We are developing a web database for plant comparative genomics, named Phytome, that, when complete, will integrate organismal phylogenies, genetic maps.
3 rd Summer School in Computational Biology September 10, 2014 Frank Emmert-Streib & Salissou Moutari Computational Biology and Machine Learning Laboratory.
Aleksi Kallio CSC – IT Center for Science Chipster and collaboration with other bioinformatics platforms.
The Sorcerer II Global ocean sampling expedition Katrine Lekang Global Ocean Sampling project (GOS) Global Ocean Sampling project (GOS) CAMERA CAMERA METAREP.
Subsystem Approach to Genome Annotation National Microbial Pathogen Data Resource Claudia Reich NCSA, University of Illinois, Urbana.
Microbial Genomes Features Analysis Role of high-throughput sequencing Yeast - the eukaryotic model microbe Databases –TIGR CMR –NCBI Microbial Genomes.
Introduction to metagenomics Agnieszka S. Juncker Center for Biological Sequence Analysis Technical University of Denmark.
Motive Konza: understanding disease, since there is no apparent reason to manage native pathogens of native plants Also have background information in.
 The institute started in 1989 as a UNDP funded project called the National Agricultural Genetic Engineering Laboratory (NAGEL).  The Agricultural.
Genome Informatics 2005 ~ 220 participants 1 keynote speaker: David Haussler 47 talks 121 posters.
Metagenomic Analysis Using MEGAN4
Discussion on Metagenomic Data for ANGUS Course Adina Howe.
Molecular Microbial Ecology
“Mapping the Human Gut Microbiome in Health and Disease Using Sequencing, Supercomputing, and Data Analysis” Invited Talk Delivered by Mehrdad Yazdani,
Discovery of new biomarkers as indicators of watershed health and water quality Anamaria Crisan & Mike Peabody.
From Metagenomic Sample to Useful Visual Anna Shcherbina 01/10/ Anna Shcherbina Bioinformatics Challenge Day 02/02/2013 From Metagenomic Sample to.
Beyond the Human Genome Project Future goals and projects based on findings from the HGP.

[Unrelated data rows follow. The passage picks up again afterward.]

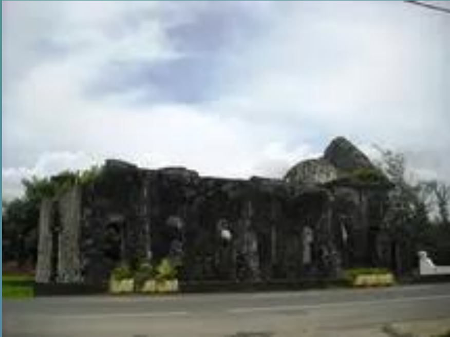
photo prise sur la route de la Montagne

L'église de Champ Borne, les paillottes et les petites cases voisines, sont balayées par le raz-de-marée survenu lors du cyclone Jenny.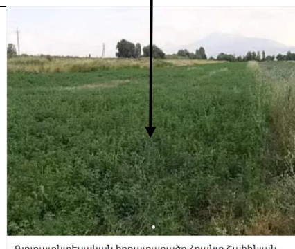
Գյուղատնտեսական հողատարածք Հրանտ Շահինյան փողոցում Մարալիկում, 6270 ք.մ. Գ Հրանտ Շահինյան փողոց, Մարալիկ $7,200 ~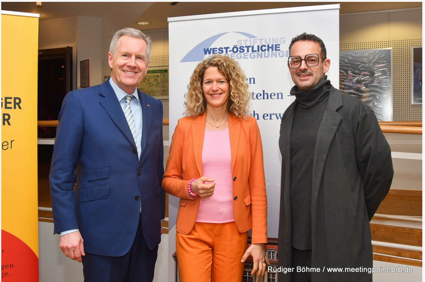
Rüdiger Böhme / www.meetingpoint-brb.de

(/artikelbild/1fEvQnrr/big/146271/bild_1709556905.jpg)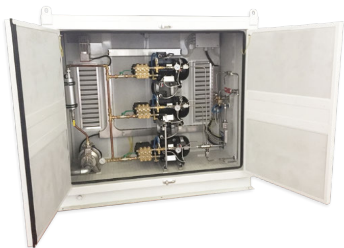
Unitate de micropompa și sistem MPU 335 cu o carcasă dedicată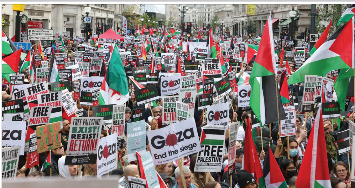
شهرهای مهم اروپا بار دیگر صحنه تظاهرات حامیان فلسطین شدند

ساماندهی اتباع بیگانه، اولویتی است که دولت چهاردهم باید آن را به صورت جدی مورد پیگیری قرار دهد و مجلس هم طرح الحاق ۵ تبصره به ماده ۱۶ قانون راجع به ورود و اقامت اتباع خارجه در ایران را در جلسه علنی ۲۱ مردادماه اعلام وصول و به کمیسیون مربوطه برای بررسی ارجاع کرده است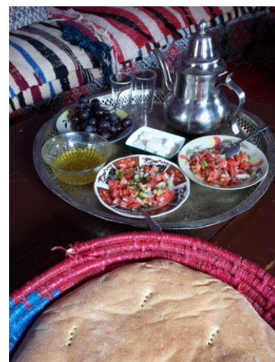
Desayuno bereber en la Gîtes d'étape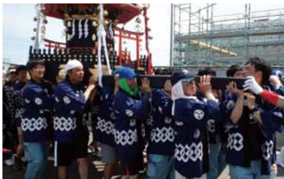
写真12 復興達成宣言「お浜降り」の神輿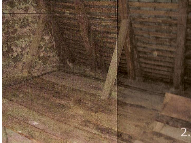
Rysunek 13 Fragmenty istniejącej więźby dachowej, widoczne uszkodzenia i zagrzybienia

zagrzybienia wynika głównie z zawilgocenia elementów poprzez nieszczelne pokrycie dachowe.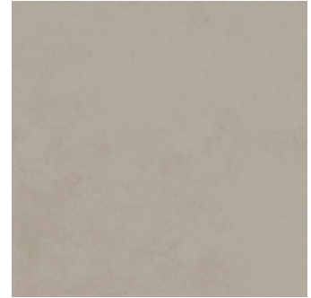
Tilvalg kr 0,- Evoque grey 60x60 gulv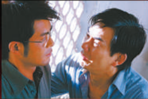
◆鄭保瑞的《意外》可會為港爭光？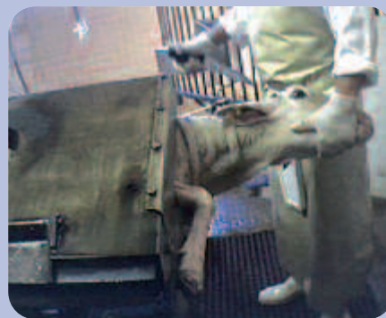
DES MOUTONS MAL POSITIONNÉS ENDURENT UNE MORT ENCORE PLUS DOULOUREUSE.

aussi de stabiliser la tête de l'animal. C'est finalement avec son genou qu'il parvient à la bloquer. Il tranche ou plutôt cisaille ensuite la gorge de l'animal d'au moins 4 coups de couteau et le libère. Le veau se redresse immédiatement et dans un ultime effort parvient à ramener sa tête à l'intérieur du piège où, haletant, il agonisera de longues minutes.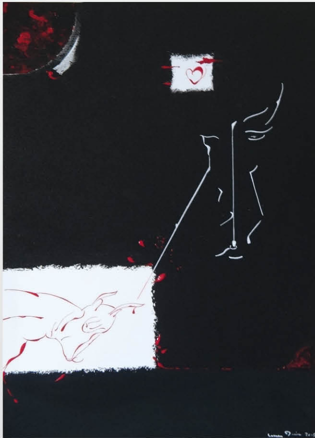
Toro taureau 90 x 60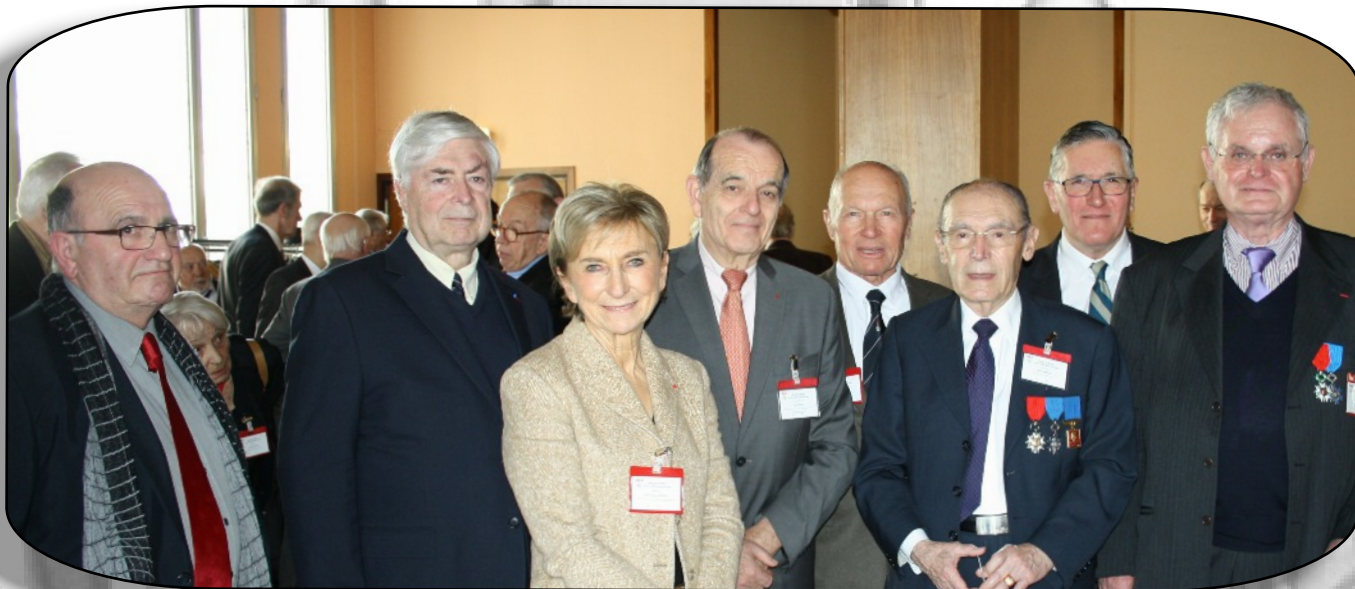
Une partie du nouveau bureau de la Section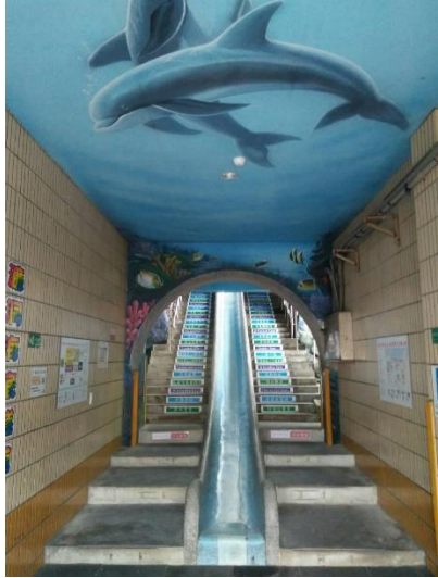
海洋環境壁畫(校園內)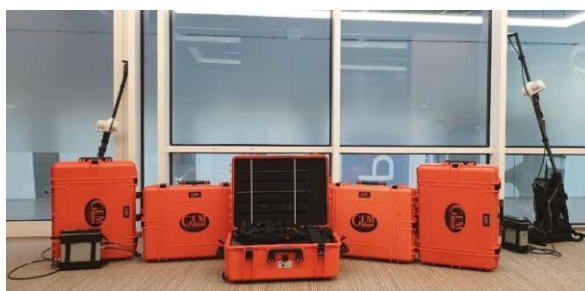
Рисунок 9.4 – Модульные магнитометры GSM-19W (Канада).

Контроль качества съемки будет производиться в специализированном программном обеспечении GEMLink+ и Geosoft Oasis Montaj. Обработка и последующая интерпретация данных производится при помощи Geosoft Oasis Montaj и Geosoft VOXI. Наряду с магнитными данными в формате Geosoft .gdb Заказчику предоставляется отчет по обработке и интерпретации данных магнитной съемки с графическими приложениями и детальным описанием процедур проведения камеральных работ.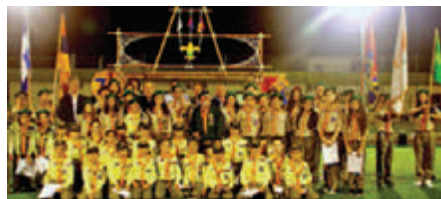
• Το 77 ο Σύστημα Προσκόπων Κύπρου (Χομενετμέν-ΑΥΜΑ: 2015).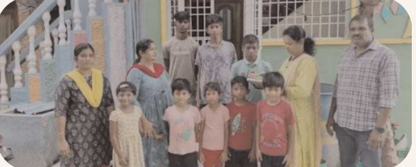
చిత్తూరు, పెన్ పవర్ అక్టోబర్ 09 :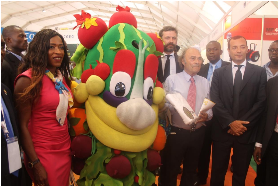
FOODY et la Délégation italienne en compagnie de l'Ambassadeur d'Italie en Côte d'Ivoire et, le Consul Honoraire de Côte d'Ivoire à Turin (Italie), (entre l'Ambassadeur et FOODY) (la délégation Italienne) visitent les stands au S.A.R.A.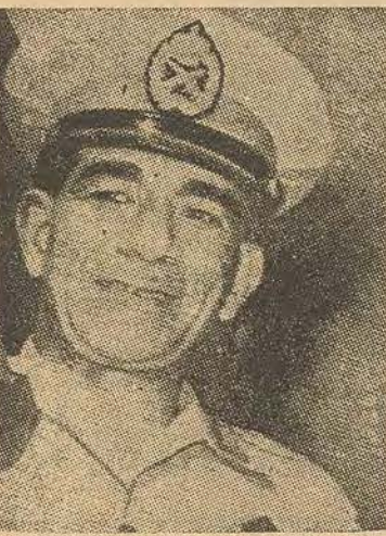
Le gén. Moh. NAGUIB

La communauté égyptienne qui peut souffrir le plus de ces calomnies perfides est, certainement, la communauté israélite. Cependant, toute l'histoire de l'Egypte contemporaine, depuis Moustapha Kamel et Saad Zaghloul témoigne de sa loyauté, de son patriotisme et de son esprit de sacrifice.

H = -Σp i log 2 p i. SCOPI Each one of the many microbial communities has its own structure and ecosystem, depending on the body environment it exists.
Transcriptome analysis With a reference – Challenging due to size and complexity of datasets – Many tools available, driven by biomedical research – GATK.
Accurate estimation of microbial communities using 16S tags Julien Tremblay, PhD
IPlant Collaborative Tools and Services Workshop iPlant Collaborative Tools and Services Workshop Collaborating with iPlant.
IPlant Collaborative Tools and Services Workshop iPlant Collaborative Tools and Services Workshop Collaborating with iPlant.
DAN LAWSON BRC 2011 – ANNUAL MEETING UT SOUTHWESTERN MEDICAL CENTER DALLAS, TX SEPTEMBER 2011 Challenges and opportunities of new sequencing technologies.
Roadmap for Soil Community Metagenomics of DOE’s FACE & OTC Sites
The Future of the iPlant Cyberinfrastructure: Coming Attractions.
Analysis of Complex Proteomic Datasets Using Scaffold Free Scaffold Viewer can be downloaded at:
Chapter 21 Eukaryotic Genome Sequences
ASCAC-BERAC Joint Panel on Accelerating Progress Toward GTL Goals Some concerns that were expressed by ASCAC members.
Current Challenges in Metagenomics: an Overview Chandan Pal 17 th December, GoBiG Meeting.
Bioinformatics The application of computer technology to the management of biological information
NY Times Molecular Sciences Institute Started in 1996 by Dr. Syndey Brenner (2002 Nobel Prize winner). Opened in Berkeley in Roger Brent,
Bioinformatics MEDC601 Lecture by Brad Windle Ph# Office: Massey Cancer Center, Goodwin Labs Room 319 Web site for lecture:
Analyzing Time Course Data: How can we pick the disappearing needle across multiple haystacks? IEEE-HPEC Bioinformatics Challenge Day Dr. C. Nicole Rosenzweig.
Genome annotation and search for homologs. Genome of the week Discuss the diversity and features of selected microbial genomes. Link to the paper describing.
De novo assembly validation
Compositionality and Sparseness in 16S rRNA data Anthony Fodor Associate Professor Bioinformatics and Genomics UNC Charlotte.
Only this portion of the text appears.